- **Information provided**
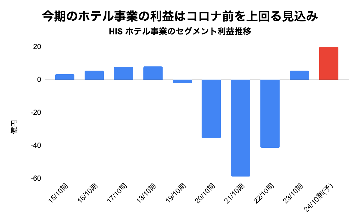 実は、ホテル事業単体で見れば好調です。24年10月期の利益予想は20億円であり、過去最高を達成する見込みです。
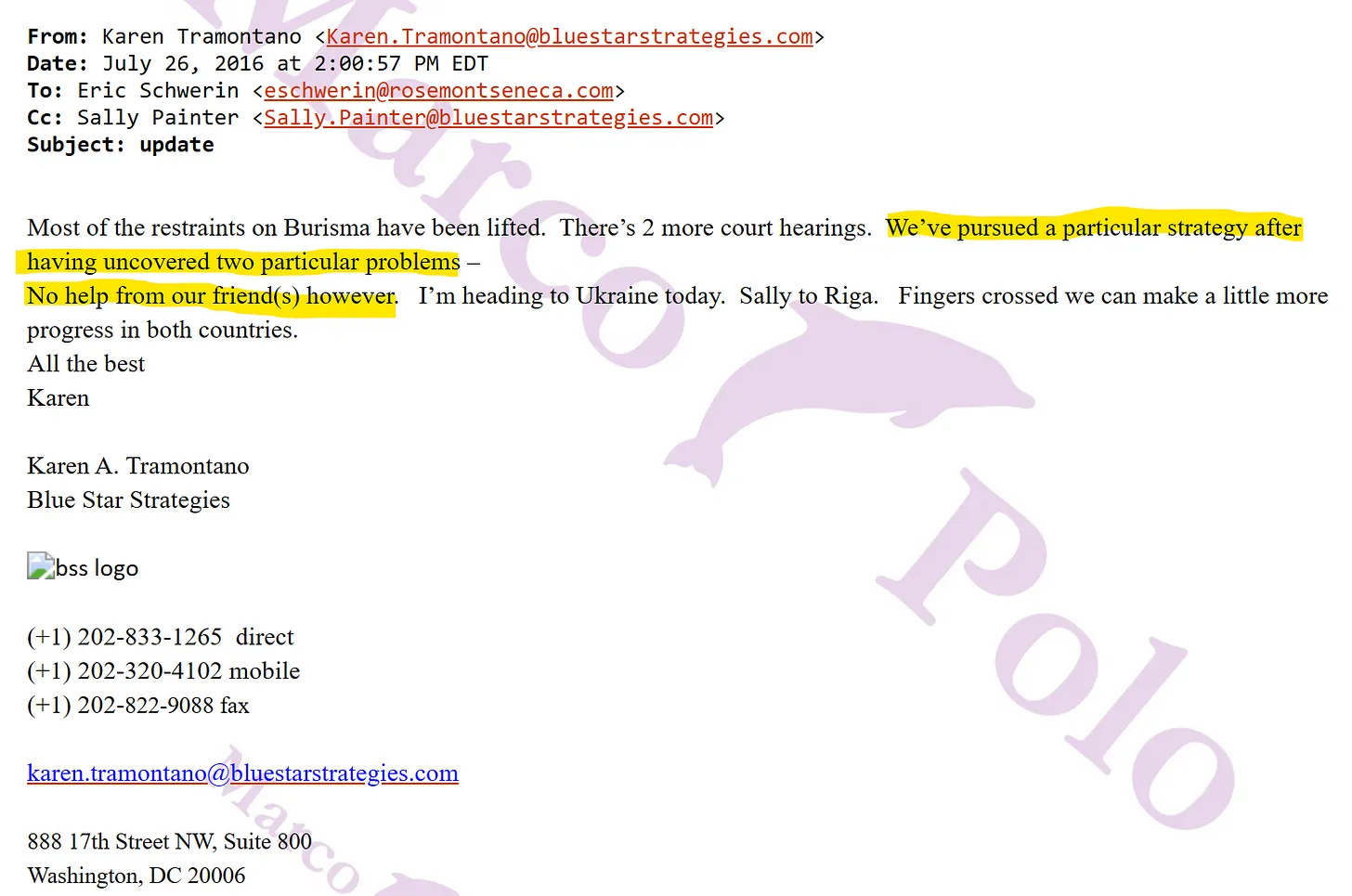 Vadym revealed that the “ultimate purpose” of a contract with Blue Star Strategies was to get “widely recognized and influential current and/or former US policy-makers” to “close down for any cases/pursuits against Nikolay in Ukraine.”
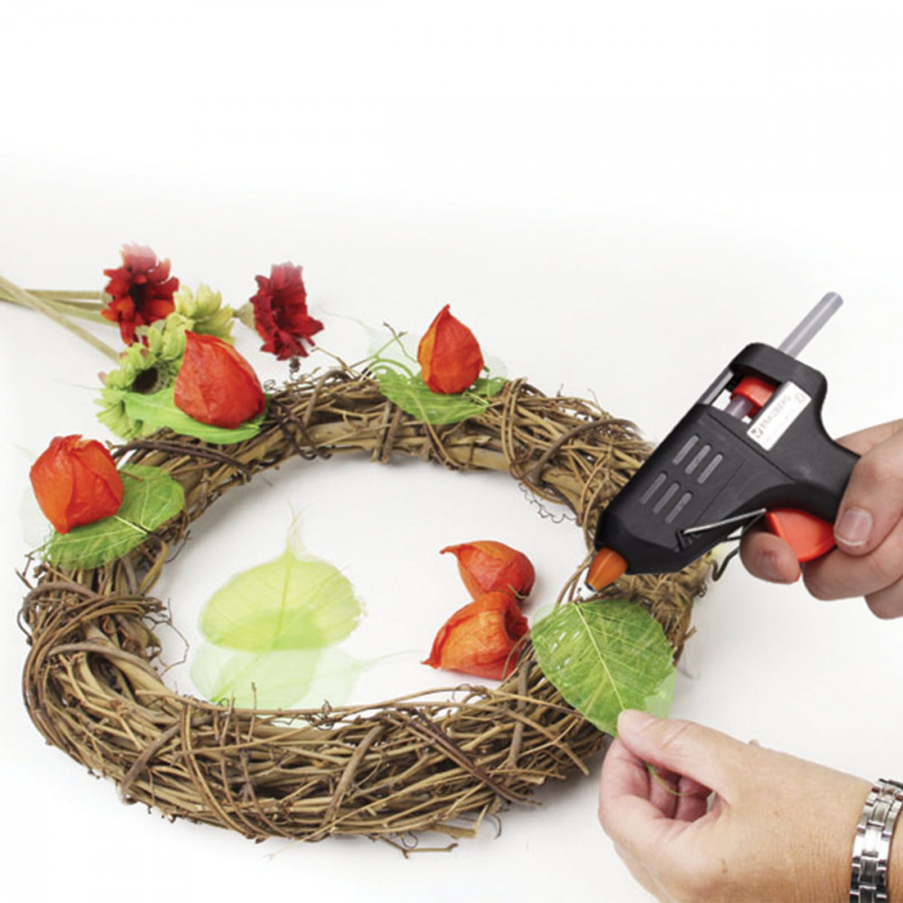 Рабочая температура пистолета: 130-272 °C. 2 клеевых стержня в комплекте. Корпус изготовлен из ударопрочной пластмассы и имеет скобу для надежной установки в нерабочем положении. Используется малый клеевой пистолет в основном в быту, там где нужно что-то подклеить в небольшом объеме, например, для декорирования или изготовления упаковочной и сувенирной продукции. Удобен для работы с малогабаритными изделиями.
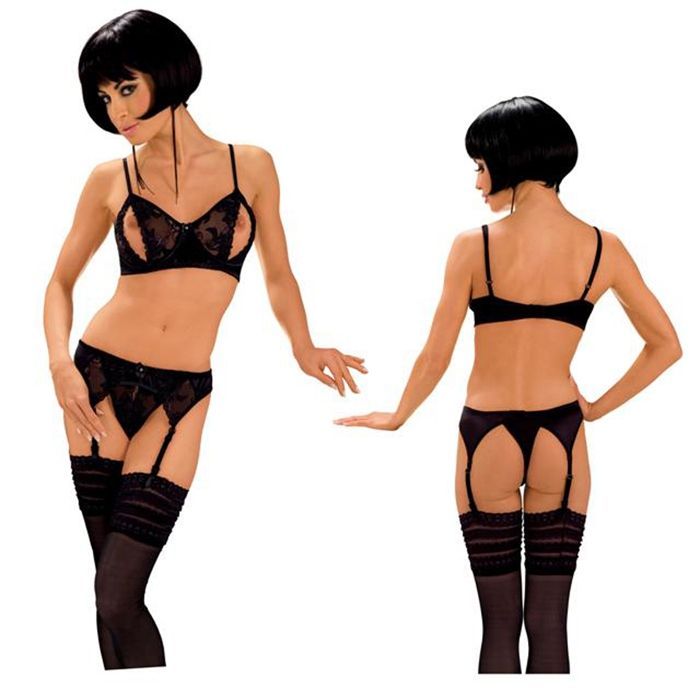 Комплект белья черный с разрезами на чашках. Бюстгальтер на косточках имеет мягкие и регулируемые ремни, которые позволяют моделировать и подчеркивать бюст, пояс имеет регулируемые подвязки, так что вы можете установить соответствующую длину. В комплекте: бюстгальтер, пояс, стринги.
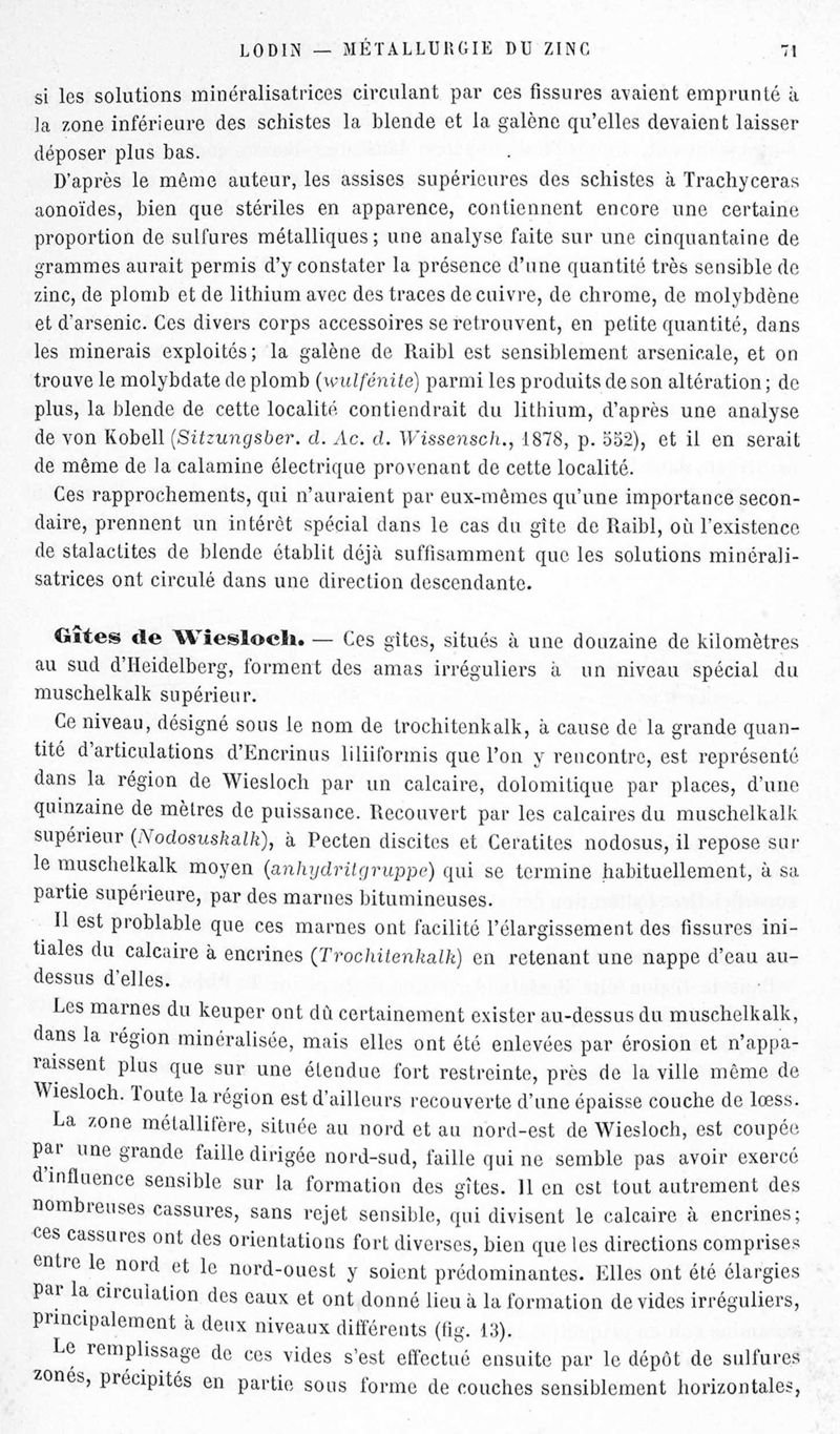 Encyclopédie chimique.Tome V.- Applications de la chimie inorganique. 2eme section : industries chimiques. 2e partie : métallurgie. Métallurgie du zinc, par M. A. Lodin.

==

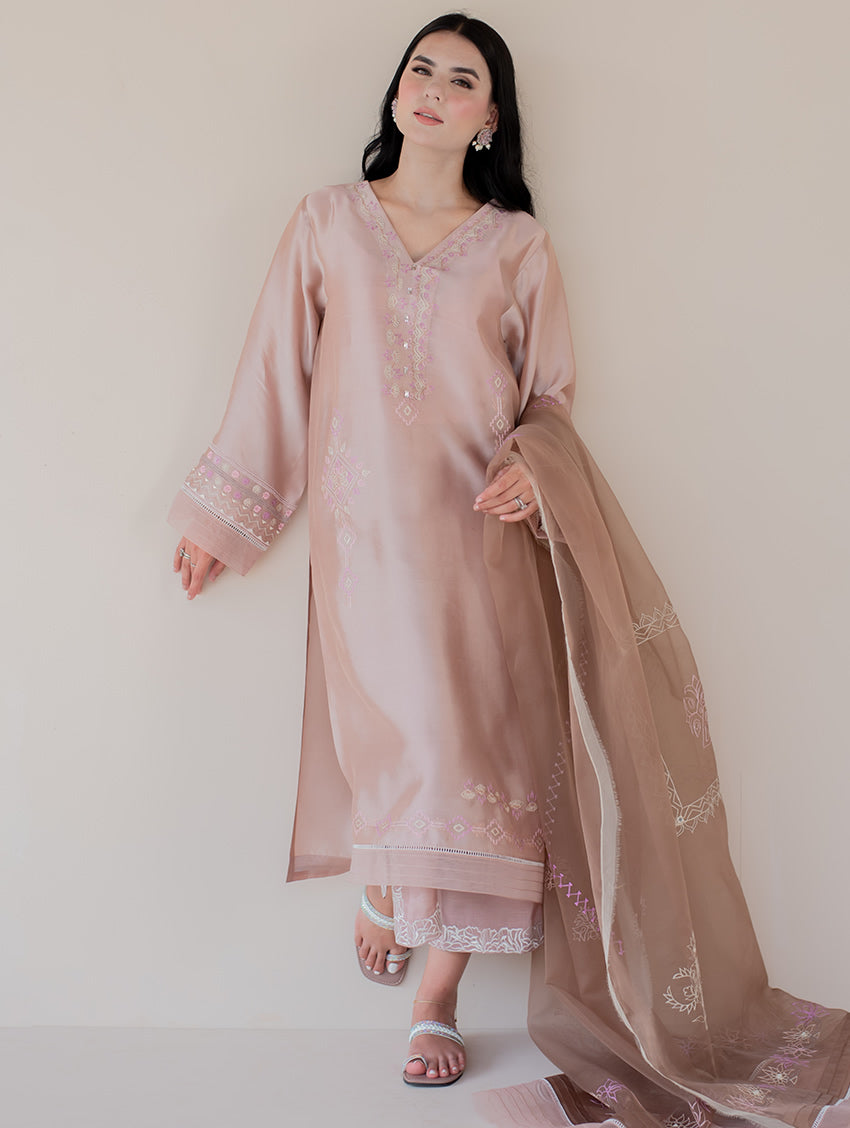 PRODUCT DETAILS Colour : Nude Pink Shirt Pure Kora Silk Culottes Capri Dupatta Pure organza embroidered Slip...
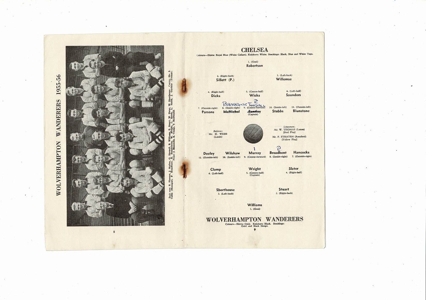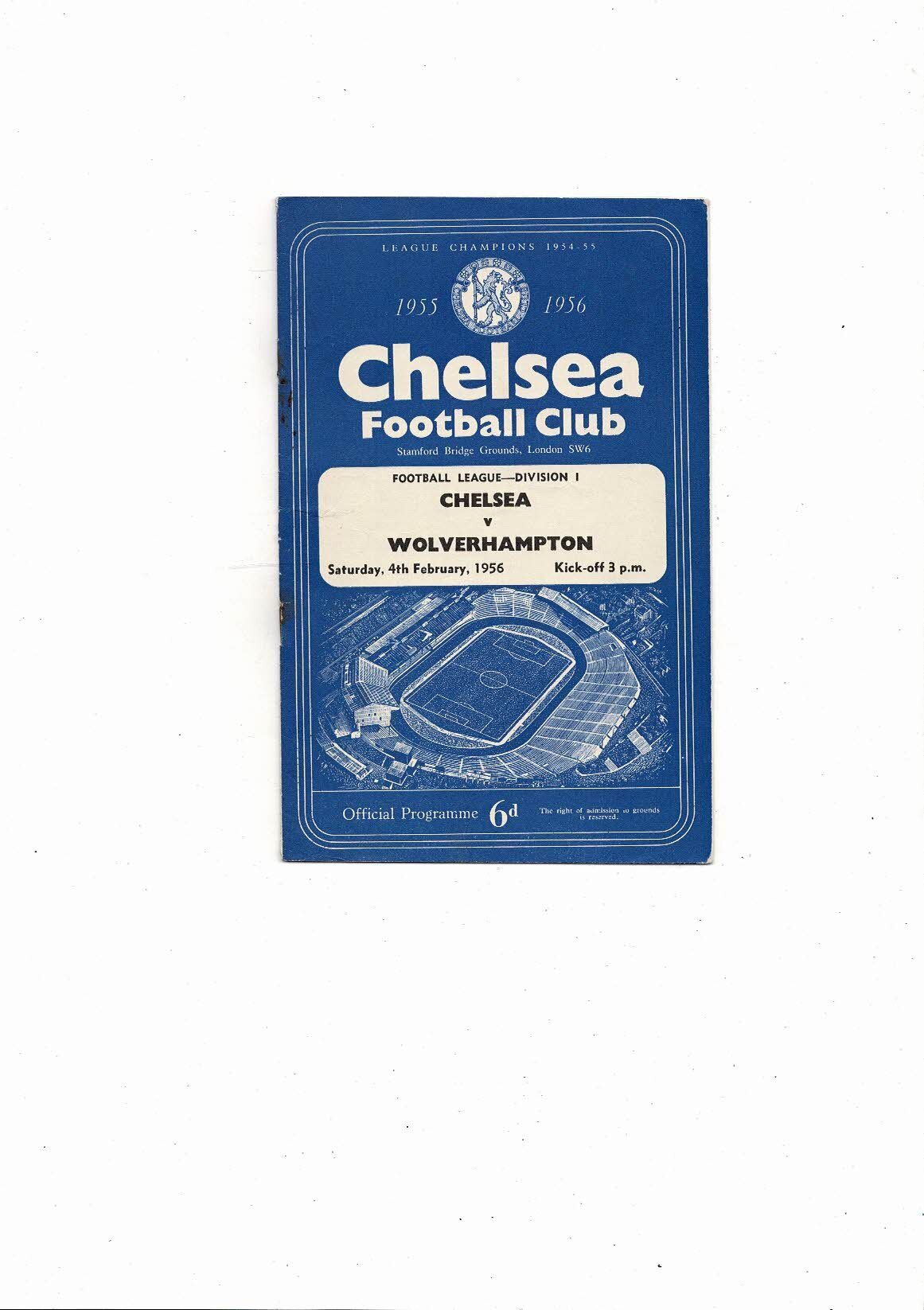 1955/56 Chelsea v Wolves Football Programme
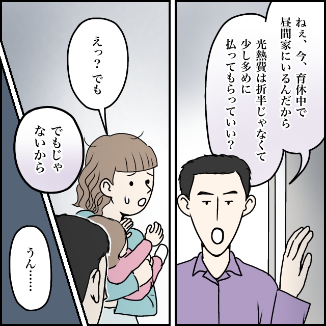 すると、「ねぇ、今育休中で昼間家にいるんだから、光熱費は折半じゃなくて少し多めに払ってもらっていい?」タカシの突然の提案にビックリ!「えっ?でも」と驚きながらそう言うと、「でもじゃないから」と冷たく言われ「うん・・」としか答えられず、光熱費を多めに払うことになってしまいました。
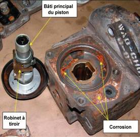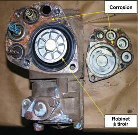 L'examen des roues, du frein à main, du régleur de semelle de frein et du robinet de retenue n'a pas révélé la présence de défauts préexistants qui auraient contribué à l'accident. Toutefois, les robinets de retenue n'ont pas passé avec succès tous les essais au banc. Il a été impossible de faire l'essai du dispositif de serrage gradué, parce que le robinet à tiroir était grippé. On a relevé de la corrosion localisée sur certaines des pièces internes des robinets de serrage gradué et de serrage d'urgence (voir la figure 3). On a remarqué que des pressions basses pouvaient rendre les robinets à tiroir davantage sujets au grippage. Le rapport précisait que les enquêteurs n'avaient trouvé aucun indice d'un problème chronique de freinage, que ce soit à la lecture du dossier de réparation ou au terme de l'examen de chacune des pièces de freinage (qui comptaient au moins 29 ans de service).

- **Problem to work on**
Go back to the listing above and write out the lines starting at the one with "Vadym revealed that" and ending at the one with "Рабочая температура пистолета: 130-272", inclusive, exactly and without pictures.

- **Response**
 Vadym revealed that the “ultimate purpose” of a contract with Blue Star Strategies was to get “widely recognized and influential current and/or former US policy-makers” to “close down for any cases/pursuits against Nikolay in Ukraine.”
 Рабочая температура пистолета: 130-272 °C. 2 клеевых стержня в комплекте. Корпус изготовлен из ударопрочной пластмассы и имеет скобу для надежной установки в нерабочем положении. Используется малый клеевой пистолет в основном в быту, там где нужно что-то подклеить в небольшом объеме, например, для декорирования или изготовления упаковочной и сувенирной продукции. Удобен для работы с малогабаритными изделиями.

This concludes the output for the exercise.